Un po’ per effetto del rinvio dell’esame della legge elettorale alla Corte Costituzionale a dopo il referendum costituzionale, un po’ per la discussione e le votazioni sulle mozioni parlamentari riguardanti questa materia, i giocatori della partita hanno dovuto calare le loro carte. Non hanno potuto più coprirsi, in vista del referendum costituzionale, che formalmente non la riguarda ma in realtà ne è fortemente condizionato, dietro l’attesa del giudizio dei giudici del Palazzo della Consulta sulla legge per l’elezione della Camera. Una legge tanto voluta da Renzi da farla approvare a suo tempo mettendo la fiducia, e nota come Italicum.

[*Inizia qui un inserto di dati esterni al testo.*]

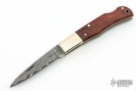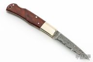 This lockback by AG Russell features a San Mai Damascus blade with nail nick. The handle has nickel silver bolsters and liners and burl wood scales. Has a few light scratches, otherwise excellent condition. #401on the lockbar.
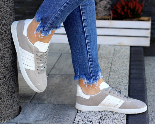 Szare tenisówki damskie sznurowane z paskami
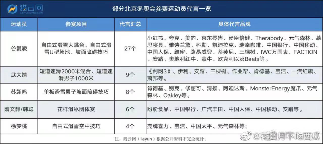 不过,在给苏翊鸣助威的同时,也有网友质疑起了谷爱凌的商业代言。毕竟,相比苏翊鸣目前的8个代言,谷爱凌的品牌合作已经高达27个,远超其他运动员。
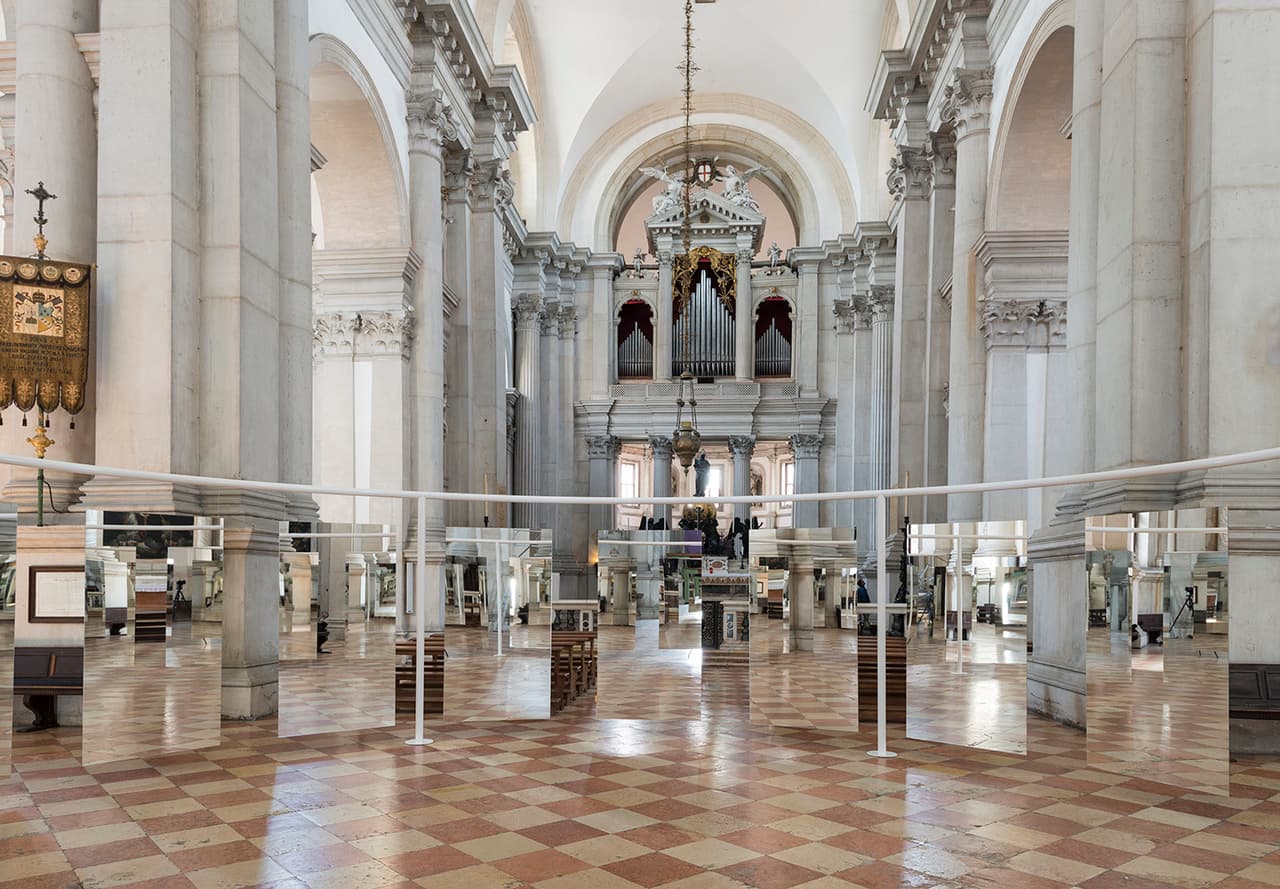 Las obras de Pistoletto están actualmente en exposición en la Basilica di San Giorgio Maggiore. En ella, el contraste entre lo nuevo y lo antiguo se hace patente. Te dejamos algunas imágenes para que puedas disfrutarlas:
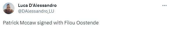 奥斯坦德首席执行官声明:作为一家俱乐部,我们非常自豪能够将这样一位优秀的篮球运动员带到这里,我们球队的稳定以及我们连续12次夺得全国冠军吸引了他,麦考是一位真正的、经验丰富的最高级别冠军,三届NBA总冠军帕特里克-麦考的到来,对我们球队是一个重大的附加值,不仅对我们俱乐部的形象,而且对我们的比赛和比利时篮球的价值都是如此。
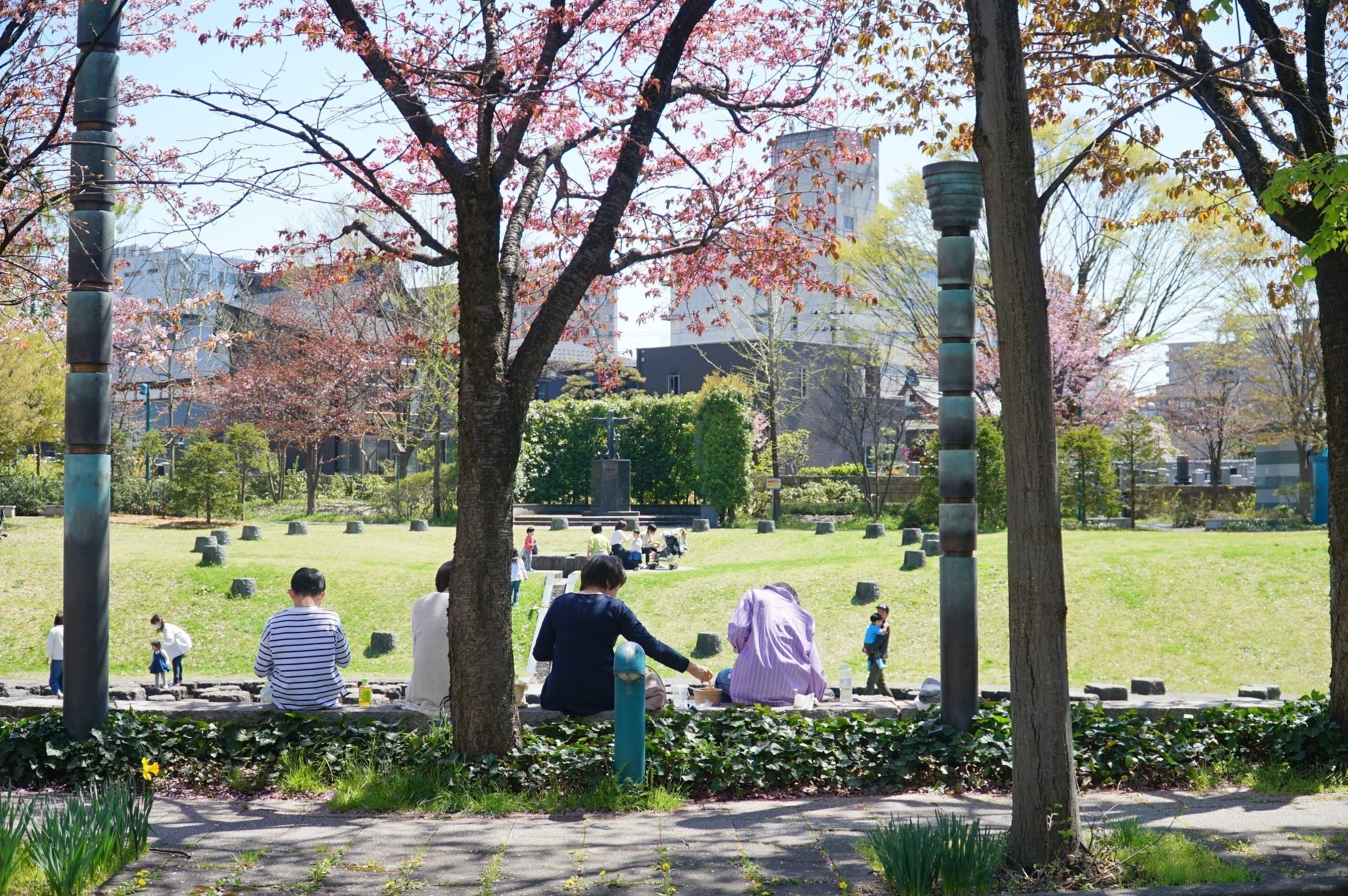 川のそばには緑が豊かな公園があり、小さい子どもからおじいさん・おばあさんまで、さまざまな人たちの憩いの場になっています。

I più lesti e furbi, bisogna riconoscerlo, a dispetto dello stato confusionale in cui si trovano in Campidoglio e dintorni, sono stati i grillini. Che, pur con tutto l’interesse a difendere l’Italicum con il suo ballottaggio e il premio di maggioranza, avendo appena vinto con un sistema analogo le elezioni amministrative in città come Roma e Torino, dove i loro candidati sono riusciti con aiuti da destra e da sinistra a sconfiggere quelli del Pd di Matteo Renzi, lo hanno ripudiato.

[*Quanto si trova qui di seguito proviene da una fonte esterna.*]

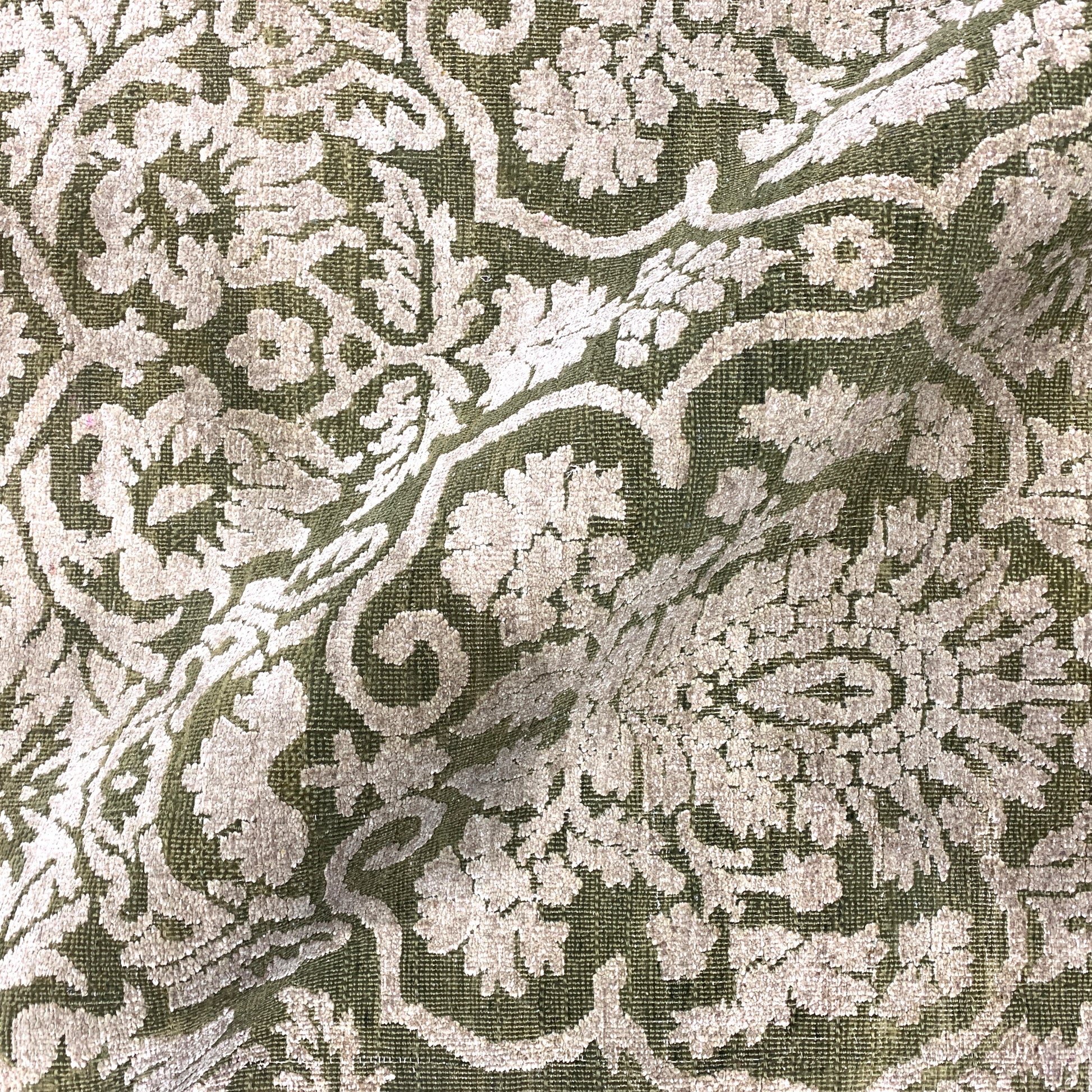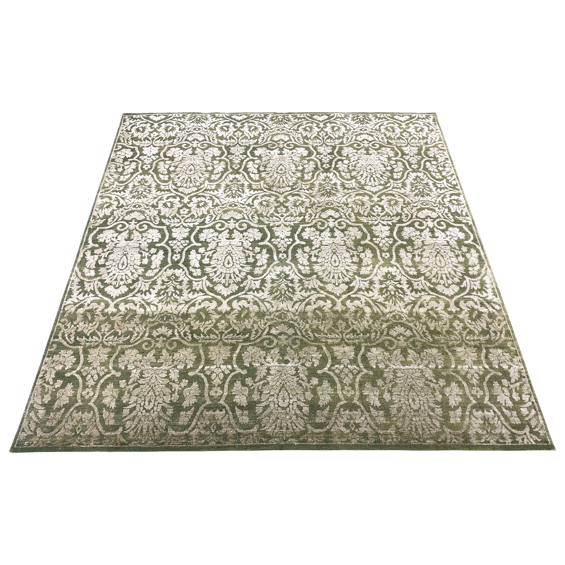 Green and Ivory, Silk and Wool Oxidized Assorted Transitional Handknotted 7.10x8.7Ft 240x262Cms Area Rug
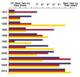 | Keywords: United States presidential ordinal interyear intraparty results comparison of raw popular votes bar graph.png Key FFD900 Libertarian Party 1px AAAAAA solid 3C3B6E Democratic Party 1px AAAAAA solid B22234 Republican Party 1px AAAAAA solid Note This graph ordinally charts in terms of raw popular votes the various prominent United States of America national parties' various presidential runs since 1972 in relation to one another as opposed to charting their various presidential runs in relation to the other United States of America national parties' various presidential runs For example using this graph one can see that the Libertarian Party had its highest raw popular vote count in 2012 and its fourth-highest raw popular vote count in 1996 or that the Democratic Party had its eighth-highest raw popular vote count since 1972 in 1976 or that the Republican Party had its eleventh-highest raw popular vote count since 1972 in 1992 alexpeak com 22 March 2016 allixpeeke 200px Expanded bar graph Cc-zero United States presidential election statistics United States presidential election 1972 United States presidential election 1976 United States presidential election 1980 United States presidential election 1984 United States presidential election 1988 United States presidential election 1992 United States presidential election 1996 United States presidential election 2000 United States presidential election 2004 United States presidential election 2008 Libertarian Party presidential graphs United States Libertarian Party 1972 presidential campaign United States Libertarian Party 1976 presidential campaign United States Libertarian Party 1980 presidential campaign United States Libertarian Party 1984 presidential campaign United States Libertarian Party 1988 presidential campaign United States Libertarian Party 1992 presidential campaign United States Libertarian Party 1996 presidential campaign United States Libertarian Party 2000 presidential campaign United States Libertarian Party 2004 presidential campaign United States Libertarian Party 2008 presidential campaign United States Libertarian Party 2012 presidential campaign United States Democratic Party presidential graphs United States United States Democratic Party 1972 presidential campaign United States Democratic Party 1976 presidential campaign United States Democratic Party 1980 presidential campaign United States Democratic Party 1984 presidential campaign United States Democratic Party 1988 presidential campaign United States Democratic Party 1992 presidential campaign United States Democratic Party 1996 presidential campaign Al Gore presidential campaign 2000 United States Democratic Party 2004 presidential campaign United States Democratic Party 2008 presidential campaign United States Democratic Party 2012 presidential campaign Republican Party presidential graphs United States United States Republican Party 1972 presidential campaign United States Republican Party 1976 presidential campaign United States Republican Party 1980 presidential campaign United States Republican Party 1984 presidential campaign United States Republican Party 1988 presidential campaign United States Republican Party 1992 presidential campaign United States Republican Party 1996 presidential campaign George W Bush presidential campaign 2000 George W Bush presidential campaign 2004 United States Republican Party 2008 presidential campaign United States Republican Party 2012 presidential campaign Political bar charts Charts in English Electoral timelines of the United States of America Gary Johnson graphs |
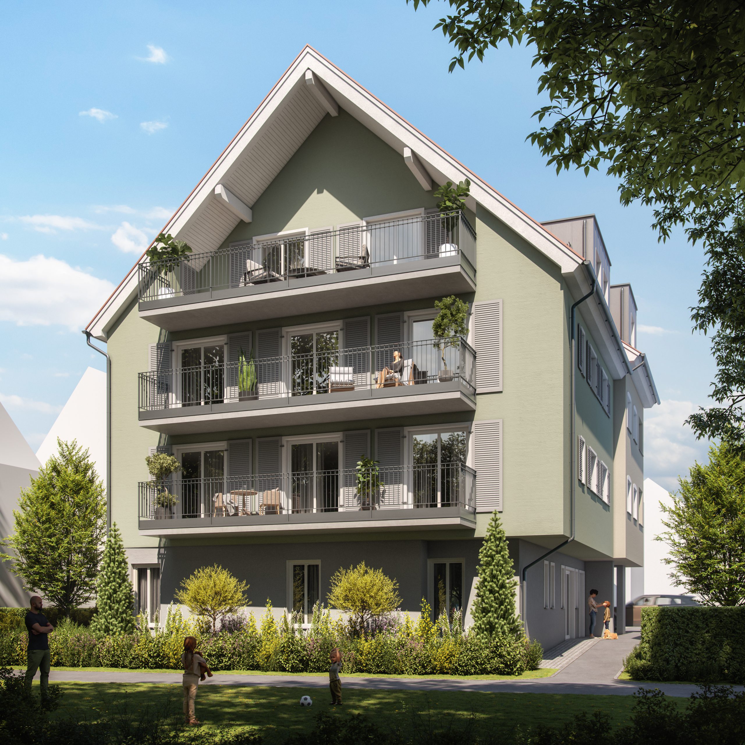 Die Erschließung der Wohnungen erfolgt durch ein großzügiges Treppenhaus und den barrierefreien Aufzug.

In verità, i grillini sul piano formale non avevano mai sostenuto e tanto meno votato l’Italicum, approvato quando le loro fortune elettorali non erano ancora così vistose come sono poi diventate, ma si era convinti che per convenienza essi lo avrebbero adesso difeso. O non avrebbero aiutato altri a modificarlo. Invece, hanno proposto addirittura il sostanziale ritorno al sistema elettorale della vecchia, prima Repubblica: proporzionale, preferenze e nessun premio di maggioranza.

Già l’avere spiazzato tutti ed avere dato l’impressione di disinteresse, preferendo un Parlamento più rappresentativo alla prospettiva di una loro vittoria in un Parlamento in cui le maggioranze si formano con pugno di seggi regalati come premio, ha dato al movimento 5 Stelle una posizione propagandistica di vantaggio. Se ne sono visti gli effetti nel salotto televisivo di Lilli Gruber, a La 7, dove il deputato grillino se l’è cavata abbastanza bene, pur essendo praticamente solo contro gli altri due ospiti – Gianfranco Fini e Vittorio Zucconi – e la stessa conduttrice.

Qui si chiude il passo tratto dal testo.